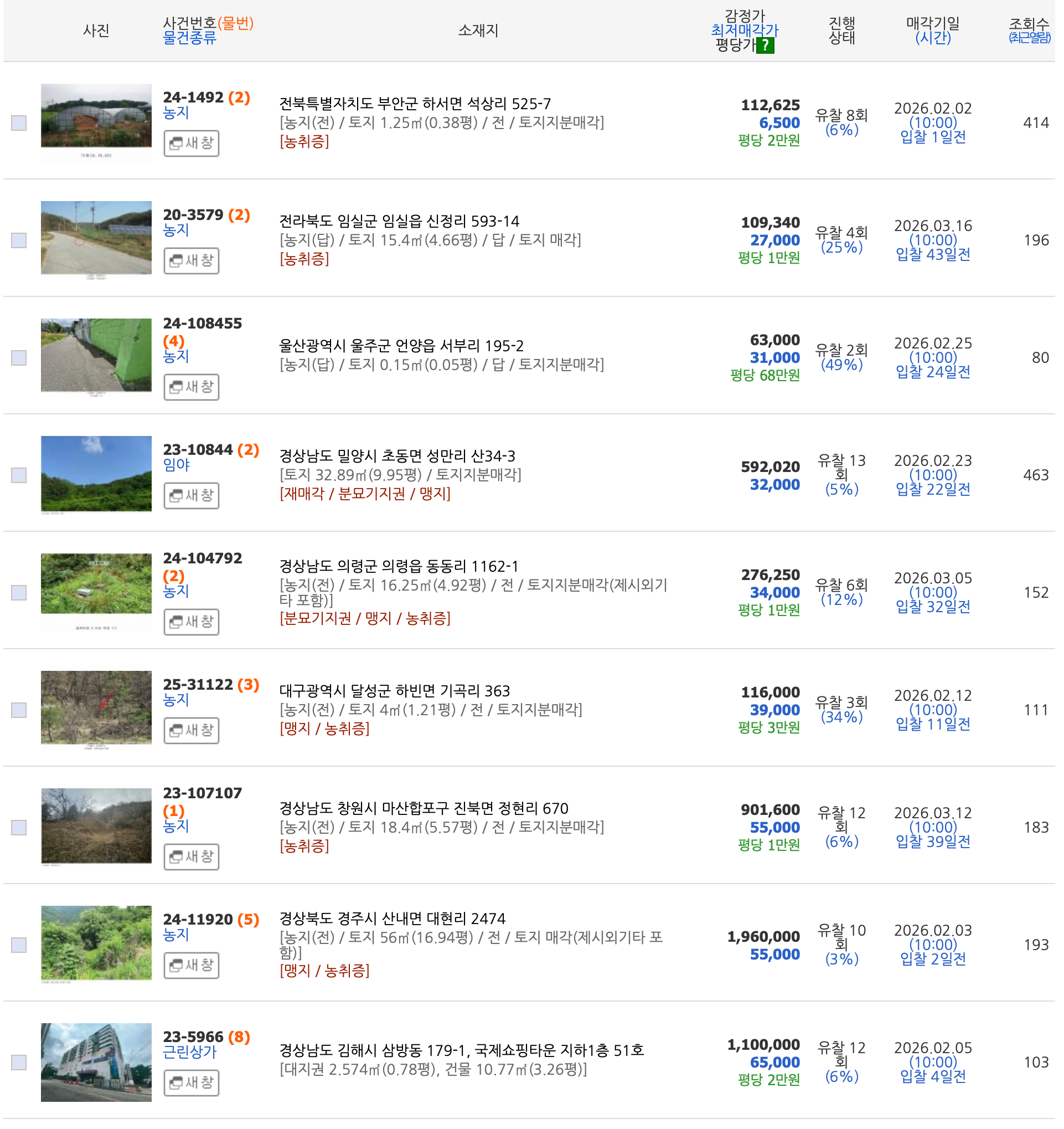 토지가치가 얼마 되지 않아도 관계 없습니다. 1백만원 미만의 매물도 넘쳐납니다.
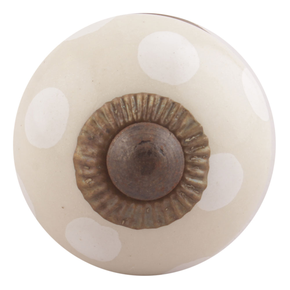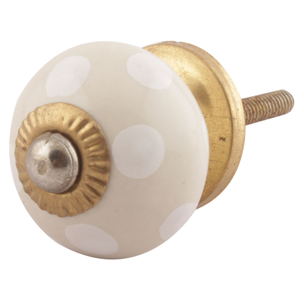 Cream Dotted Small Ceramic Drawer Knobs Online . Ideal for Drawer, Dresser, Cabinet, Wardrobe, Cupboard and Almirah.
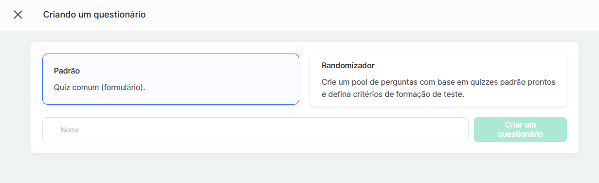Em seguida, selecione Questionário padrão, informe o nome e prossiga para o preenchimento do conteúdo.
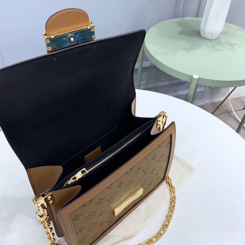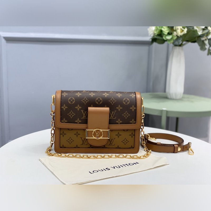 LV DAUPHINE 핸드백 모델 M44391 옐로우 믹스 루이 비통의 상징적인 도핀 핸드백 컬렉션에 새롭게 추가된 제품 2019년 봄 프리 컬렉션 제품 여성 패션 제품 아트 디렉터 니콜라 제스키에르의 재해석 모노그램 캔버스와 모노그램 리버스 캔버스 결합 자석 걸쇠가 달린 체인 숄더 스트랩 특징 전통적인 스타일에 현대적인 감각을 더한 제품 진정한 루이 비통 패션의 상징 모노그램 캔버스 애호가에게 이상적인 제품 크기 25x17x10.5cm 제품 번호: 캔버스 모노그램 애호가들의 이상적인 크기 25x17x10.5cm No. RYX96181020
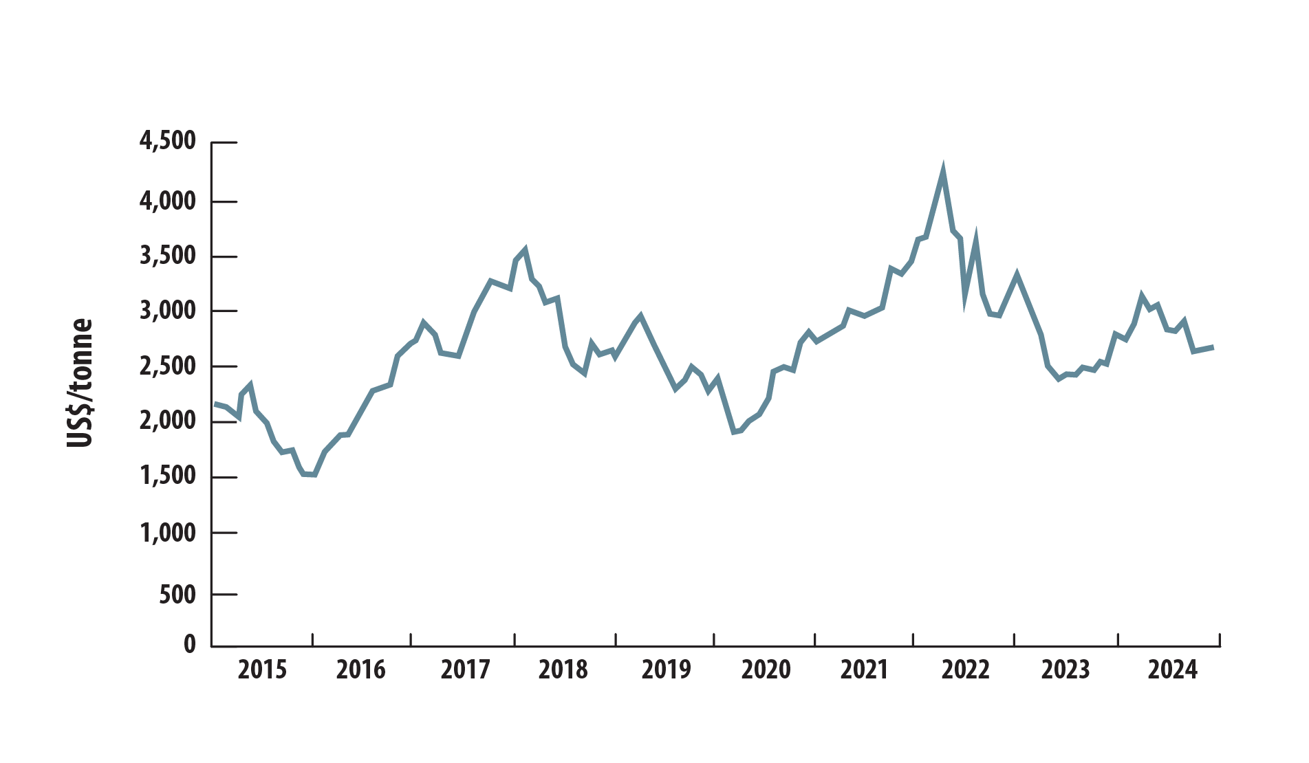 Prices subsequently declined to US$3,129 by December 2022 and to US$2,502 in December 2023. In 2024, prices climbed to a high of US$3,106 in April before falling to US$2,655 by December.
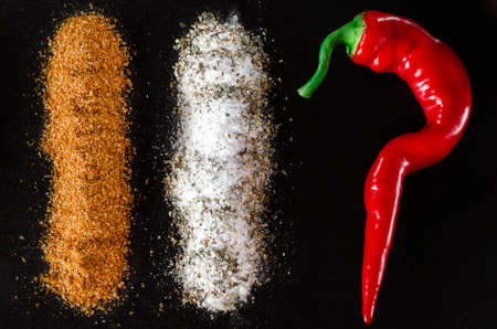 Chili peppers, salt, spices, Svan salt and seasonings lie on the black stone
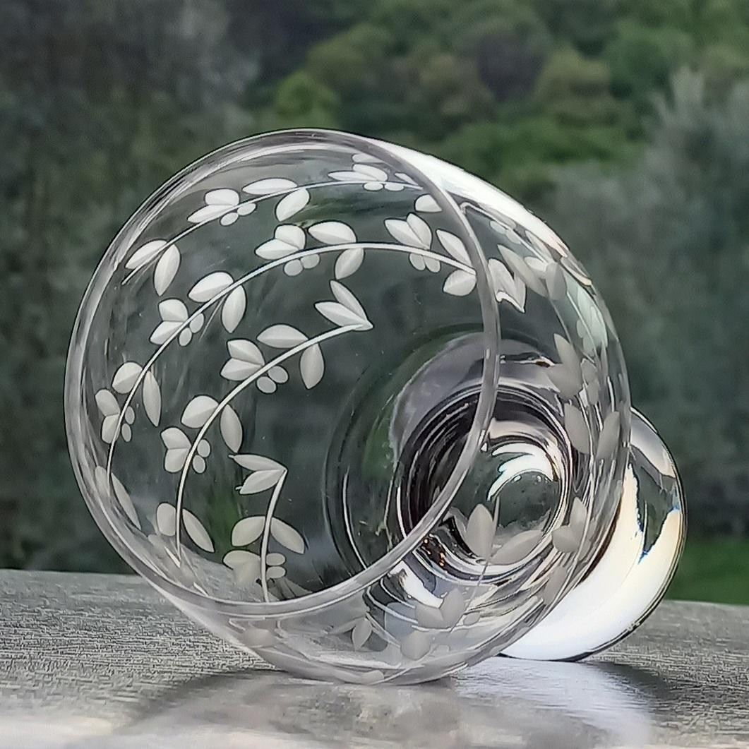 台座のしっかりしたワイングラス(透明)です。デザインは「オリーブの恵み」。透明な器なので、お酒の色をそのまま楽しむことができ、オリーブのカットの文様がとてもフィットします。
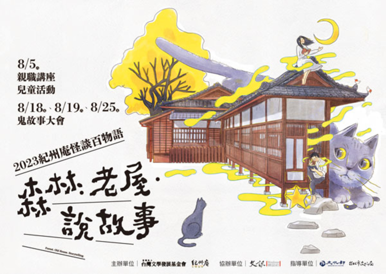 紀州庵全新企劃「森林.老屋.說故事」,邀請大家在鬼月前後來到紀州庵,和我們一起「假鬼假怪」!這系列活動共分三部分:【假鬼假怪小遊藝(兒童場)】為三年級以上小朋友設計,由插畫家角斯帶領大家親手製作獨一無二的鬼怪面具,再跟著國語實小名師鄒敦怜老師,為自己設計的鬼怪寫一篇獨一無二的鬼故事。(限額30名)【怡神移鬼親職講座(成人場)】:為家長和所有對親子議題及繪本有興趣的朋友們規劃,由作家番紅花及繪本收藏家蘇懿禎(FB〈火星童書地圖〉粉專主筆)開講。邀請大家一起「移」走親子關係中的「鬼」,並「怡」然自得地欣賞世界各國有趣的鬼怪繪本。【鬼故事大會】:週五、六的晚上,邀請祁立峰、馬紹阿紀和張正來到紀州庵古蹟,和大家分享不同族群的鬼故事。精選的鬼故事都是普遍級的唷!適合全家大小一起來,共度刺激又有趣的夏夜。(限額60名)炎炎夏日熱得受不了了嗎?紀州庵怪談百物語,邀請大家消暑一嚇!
○ ○ ○ ○
- _Task description_:
Give back every entry in its exact wording, leaving the pictures out.

- _Answer section_:
 토지가치가 얼마 되지 않아도 관계 없습니다. 1백만원 미만의 매물도 넘쳐납니다.
 Cream Dotted Small Ceramic Drawer Knobs Online . Ideal for Drawer, Dresser, Cabinet, Wardrobe, Cupboard and Almirah.
Em seguida, selecione Questionário padrão, informe o nome e prossiga para o preenchimento do conteúdo.
 LV DAUPHINE 핸드백 모델 M44391 옐로우 믹스 루이 비통의 상징적인 도핀 핸드백 컬렉션에 새롭게 추가된 제품 2019년 봄 프리 컬렉션 제품 여성 패션 제품 아트 디렉터 니콜라 제스키에르의 재해석 모노그램 캔버스와 모노그램 리버스 캔버스 결합 자석 걸쇠가 달린 체인 숄더 스트랩 특징 전통적인 스타일에 현대적인 감각을 더한 제품 진정한 루이 비통 패션의 상징 모노그램 캔버스 애호가에게 이상적인 제품 크기 25x17x10.5cm 제품 번호: 캔버스 모노그램 애호가들의 이상적인 크기 25x17x10.5cm No. RYX96181020
 Prices subsequently declined to US$3,129 by December 2022 and to US$2,502 in December 2023. In 2024, prices climbed to a high of US$3,106 in April before falling to US$2,655 by December.
 Chili peppers, salt, spices, Svan salt and seasonings lie on the black stone
 台座のしっかりしたワイングラス(透明)です。デザインは「オリーブの恵み」。透明な器なので、お酒の色をそのまま楽しむことができ、オリーブのカットの文様がとてもフィットします。
 紀州庵全新企劃「森林.老屋.說故事」,邀請大家在鬼月前後來到紀州庵,和我們一起「假鬼假怪」!這系列活動共分三部分:【假鬼假怪小遊藝(兒童場)】為三年級以上小朋友設計,由插畫家角斯帶領大家親手製作獨一無二的鬼怪面具,再跟著國語實小名師鄒敦怜老師,為自己設計的鬼怪寫一篇獨一無二的鬼故事。(限額30名)【怡神移鬼親職講座(成人場)】:為家長和所有對親子議題及繪本有興趣的朋友們規劃,由作家番紅花及繪本收藏家蘇懿禎(FB〈火星童書地圖〉粉專主筆)開講。邀請大家一起「移」走親子關係中的「鬼」,並「怡」然自得地欣賞世界各國有趣的鬼怪繪本。【鬼故事大會】:週五、六的晚上,邀請祁立峰、馬紹阿紀和張正來到紀州庵古蹟,和大家分享不同族群的鬼故事。精選的鬼故事都是普遍級的唷!適合全家大小一起來,共度刺激又有趣的夏夜。(限額60名)炎炎夏日熱得受不了了嗎?紀州庵怪談百物語,邀請大家消暑一嚇!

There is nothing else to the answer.